On Friday 04 May 2007, Corey Minyard wrote:
>I did think of one other thing: if you clear the MSR delta flags while
>polling the serial console, you need to call the routine to check the
>modem status since the interrupt will not happen.  So here's the
>patch...
>
>Subject: Serial 8250: Handle saving the clear-on-read bits from the LSR and
> MSR
>
I applied this patch because I was curious to see what effect if any it had on 
some serial based acessories I use here, like a cm11 x10 controller with 
heyu, and a belkin ups with its supplied software.

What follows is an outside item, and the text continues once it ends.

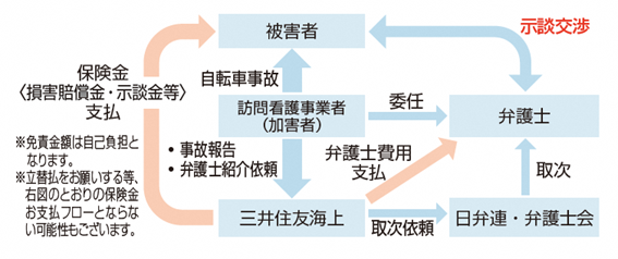 一般社団法人全国訪問看護事業協会(会長:中島 正治、以下「全国訪問看護事業協会」)は、全国訪問看護事業協会を契約者とする会員事業者向け団体保険制度「訪問看護事業者賠償責任保険」において、同保険の幹事保険会社である三井住友海上火災保険株式会社(以下「三井住友海上」)ならびに日本弁護士連合会の日弁連リーガル・アクセス・センター(以下「日弁連 LAC」)と連携し、「自転車事故示談交渉サービス」を提供します。一般社団法人全国訪問看護事業協会(会長:中島 正治、以下「全国訪問看護事業協会」)は、全国訪問看護事業協会を契約者とする会員事業者向け団体保険制度「訪問看護事業者賠償責任保険」において、同保険の幹事保険会社である三井住友海上火災保険株式会社(以下「三井住友海上」)ならびに日本弁護士連合会の日弁連リーガル・アクセス・センター(以下「日弁連 LAC」)と連携し、「自転車事故示談交渉サービス」を提供します。

But at first boot, its not 100% operationally safe, but please read on.

1) heyu (the x10 control program) is now stuck in a loop, repeating the last 
command issued, at about 40 second repeat intervals.  AND it is using 90%+ of 
the cpu while it executes each loop, which takes about 7 to 10 seconds each 
time.  heyu is interfacing to the world via /dev/ttyUSB0, through an FTDI 
adapter so I'm not able to make a mental connection here between this patch 
and that effect.

2) HOWEVER!  The belkin upsd daemon, which started being a cpu hog, using 40% 
of the cpu continuously since something in the 2.6.20 to 2.6.21 time frame, 
and this was regardless of whether it was talking through a /dev/ttyUSB# port 
and either a pl2303, or an FTDI adaptor, or direct through /dev/ttyS0, is at 
least for /dev/ttyS0, now operating normally and apparently 100% stable.  So 
I pulled out another FTDI adaptor, and reconfigured the daemon to 
use /dev/ttyUSB1, and that is also operating 100% normally now.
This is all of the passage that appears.